The number of purely HD cable networks and the revenue they generate is expected to grow dramatically over the next five years, according to a new report from Kagan Research.
According to the first edition of Kagan's Economics of High Definition Cable Networks 2005, eight cable networks are classified as offering pure HD services and nine more are on the way this year. Over the next five years, revenues for the eight are expected to produce a compound annual growth rate of 88 percent, reaching $943 million. Most of the revenue in 2009 will come from ESPN HD, followed by HDNet and Discovery HD.
Expenses will actually decline on a per subscriber basis for pure HD networks, the report found. Today, per subscriber expenses for HD networks are $16.43. By 2009, this figure will be 68 percent lower, or $5.26 per subscriber, according to the report.

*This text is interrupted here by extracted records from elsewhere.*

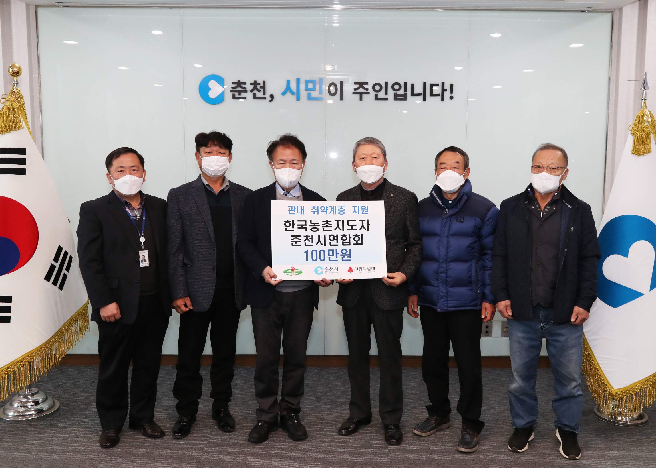 [강원사회복지신문 홍기한 기자]=한국농촌지도자 춘천시연합회(회장:최병오)는 지난 1월 19일 지역 내 저소득층을 위한 성금 100만원을 춘천시정부에 기탁했다.
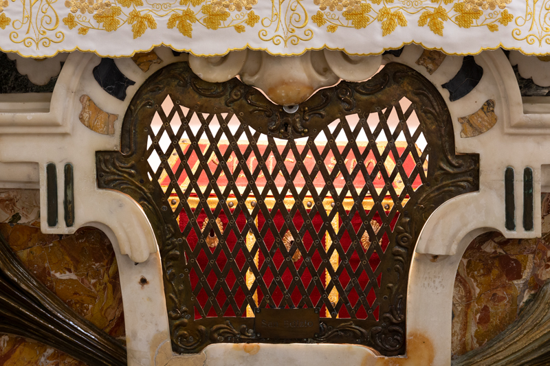 cassetta reliquiario foderata in stoffa con iscrizione
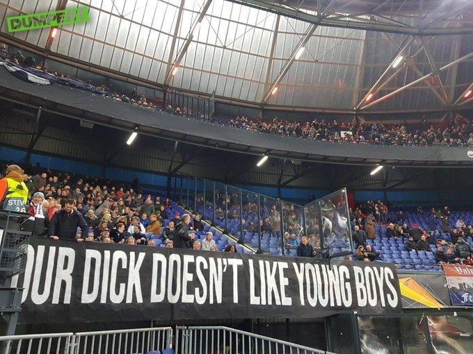 Φέγενορντ και Γιουνγκ Μπόις αναμετρήθηκαν για την 4η αγωνιστική των ομίλων του Europa League και ήρθαν ισόπαλες 1-1 στο ευρωπαϊκό ντεμπούτο του Ντικ Άντβοκαατ στον πάγκο της ολλανδικής ομάδας, μετά την απομάκρυνση του Γιάπ Σταμ. Την παράσταση όμως έκλεψε ένα πανό των Ολλανδών οπαδών που χρησιμοποίησαν το όνομα του τεχνικού της ομάδας τους μαζί με αυτό της αντιπάλου ομάδας για να κάνουν ένα… πικάντικο λογοπαίγνιο.
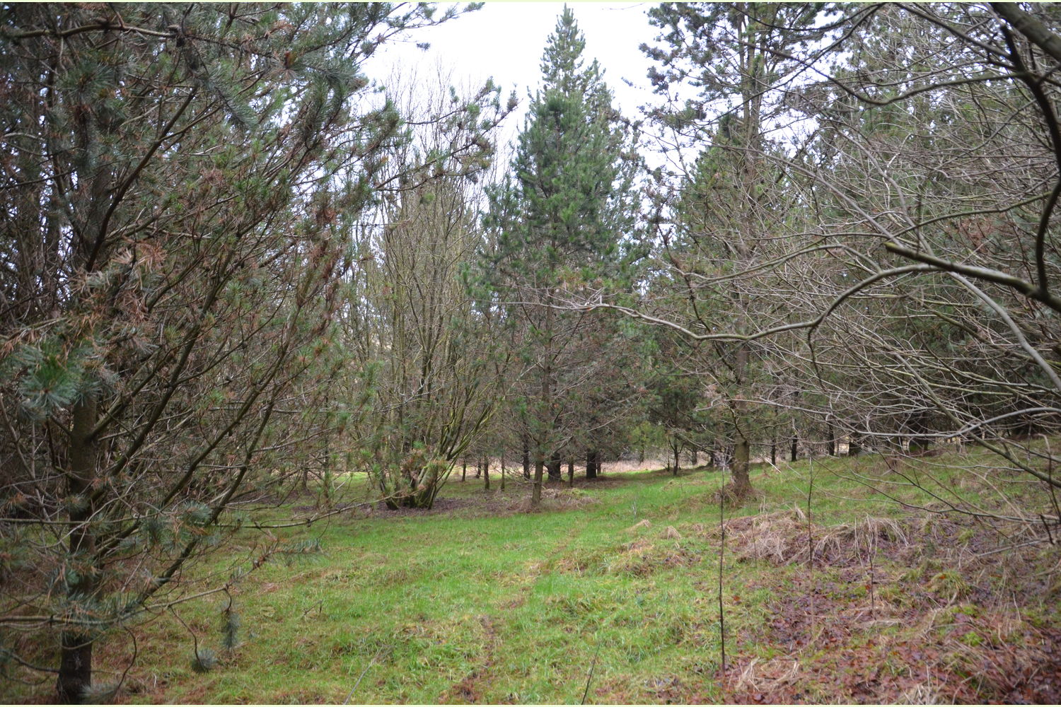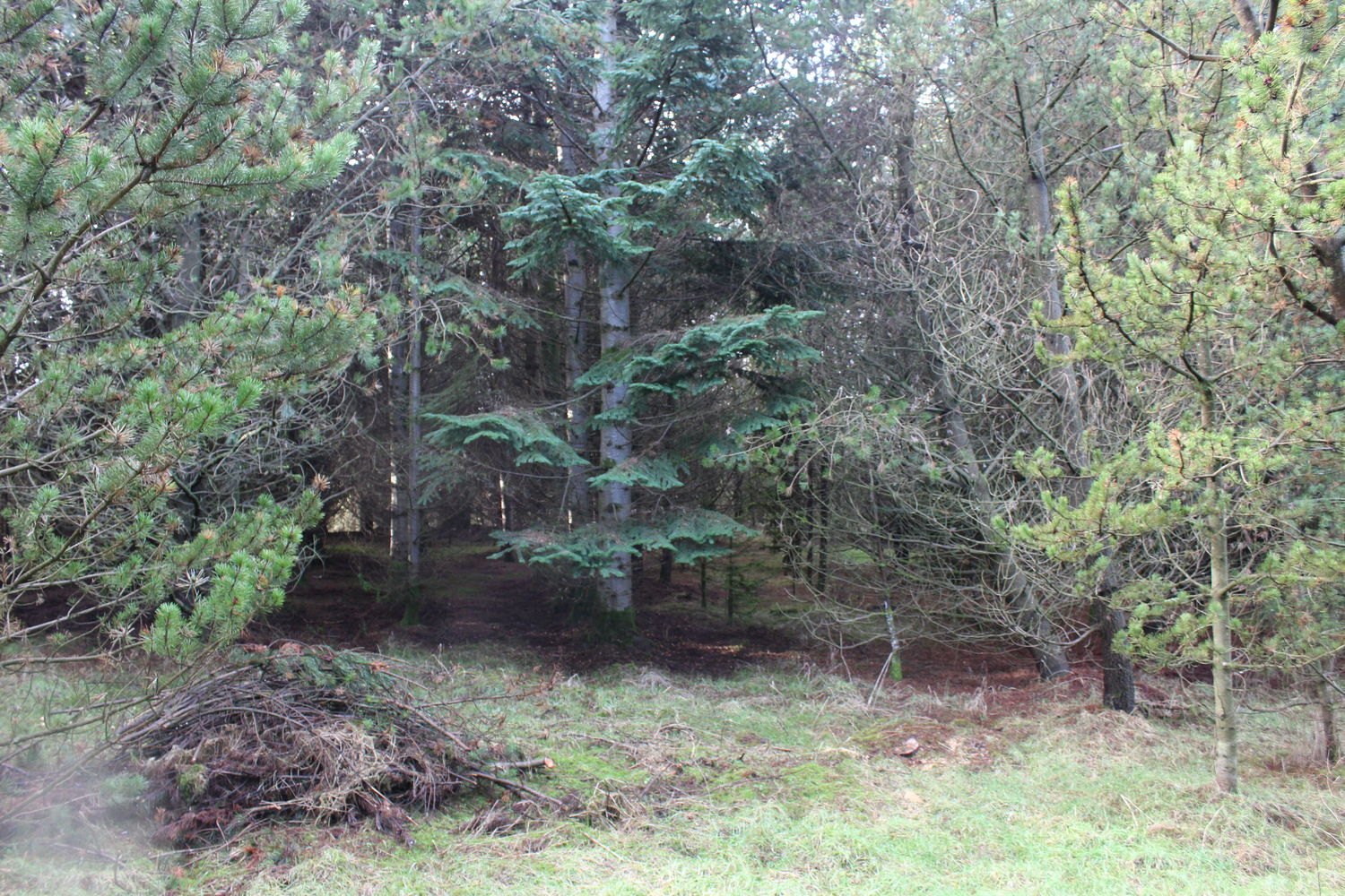 By and large, the wood is a Corsican pine plantation with a scattering of Norway spruce and occasional Scots pine and a number of self-seeded willow dotted about.
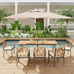 Coming with a large slatted tabletop crafted with natural acacia wood, this outdoor table seats 8 people comfortably. Ideal for various settings like yards, patios, or home use, the large wood table promises easy maintenance due to the waterproof surface. Moreover, it’s also worth mentioning that an umbrella hole can suit most umbrella sizes to provide coolness on hot days, and a hole cover included offers a flat tabletop for meals. Plus, each supporting leg made of sturdy metal is equipped with an adjustable foot pad for added stability, with a maximum weight capacity of 330 lbs.
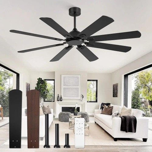 62 Inch Ceiling Fans No Light with Remote, Modern Ceiling Fan Without Light, Dual Finish 8 Blades, Reversible Quiet DC Motor, 6 Speed, Large Ceiling F
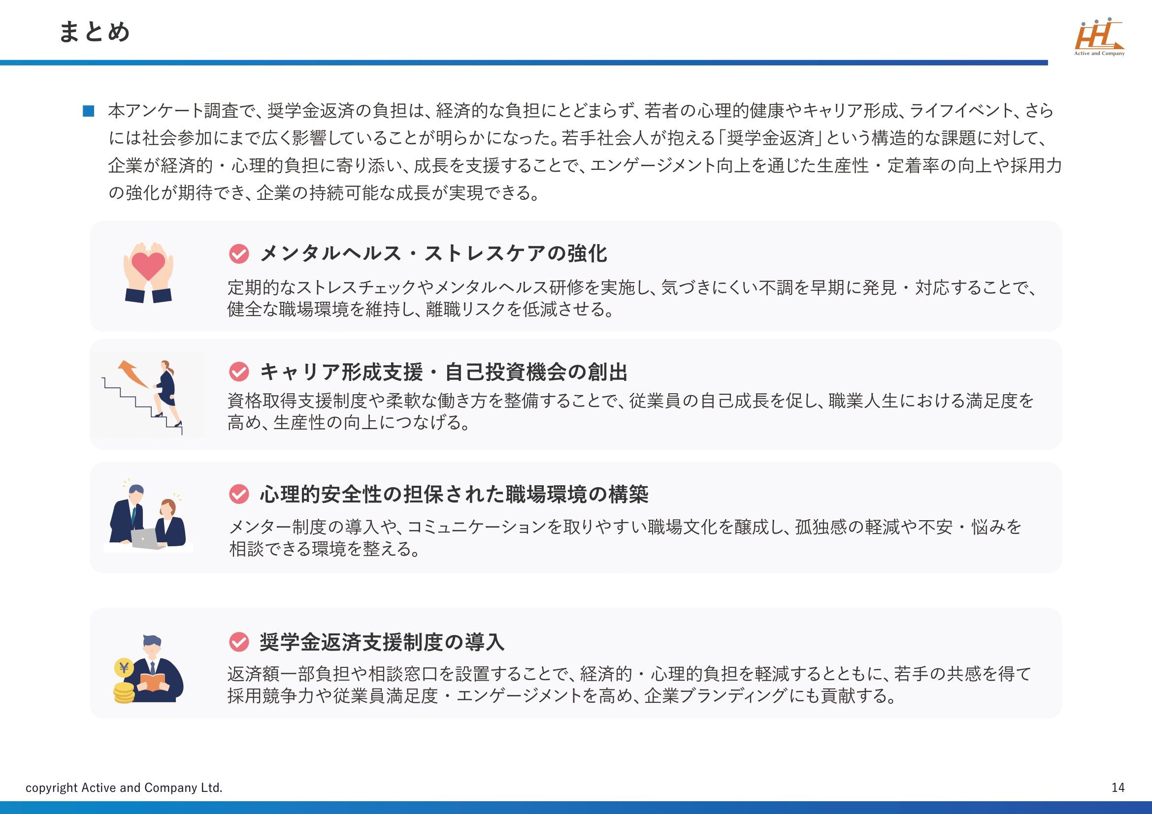奨学金を返済中の20代~40代の男女100名を対象に、奨学金返済がもたらす負担に関するアンケート調査を実施し、奨学金返済が単なる経済的な負担に留まらず、若手社会人の日常的な心理的ストレスとなり、健康、キャリア形成、ライフイベント、さらには社会参加にまで広範な影響を及ぼしている実態が明らかになりました。こうした結果から、奨学金返済は個人のライフスタイルだけでなく、採用競争力や定着率、組織エンゲージメントにも関わる大きな課題であることが見えてきます。
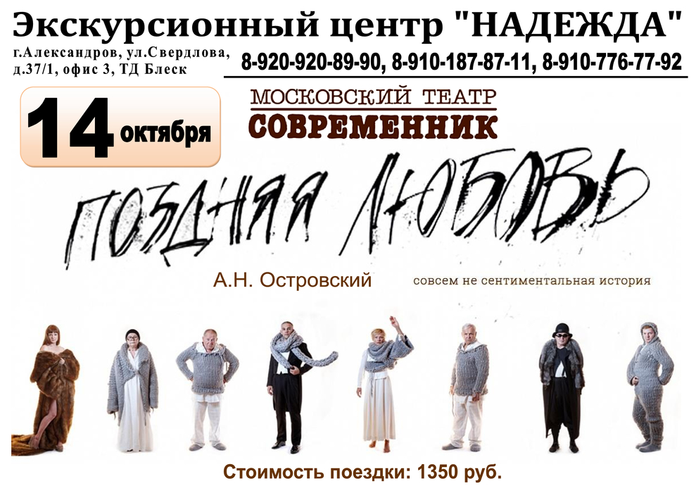 Театр " Современник" 14 октября Спектакль по пьесе А.Н.Островского "Поздняя любовь".

The report pointed to several factors spurring HDTV cable network growth, including:
- More than 12 million HDTV sets sold to U.S. consumers; bringing penetration of HD sets into TV households to 10 percent;
- 1373 stations broadcasting in digital in 211 markets serving 99.98 percent of TV households;
- DBS operators garnered 672,000 HD tier subscribers in 2004, which is expected to reach 11.5 million by 2009;
- Networks migrating to HD feeds are prompted by the limited amount of bandwidth available on cable systems and satellite transponders; and
- MPEG-2 remains the dominant codec; however, a migration to MPEG-4 and/or VC-1 is just around the corner.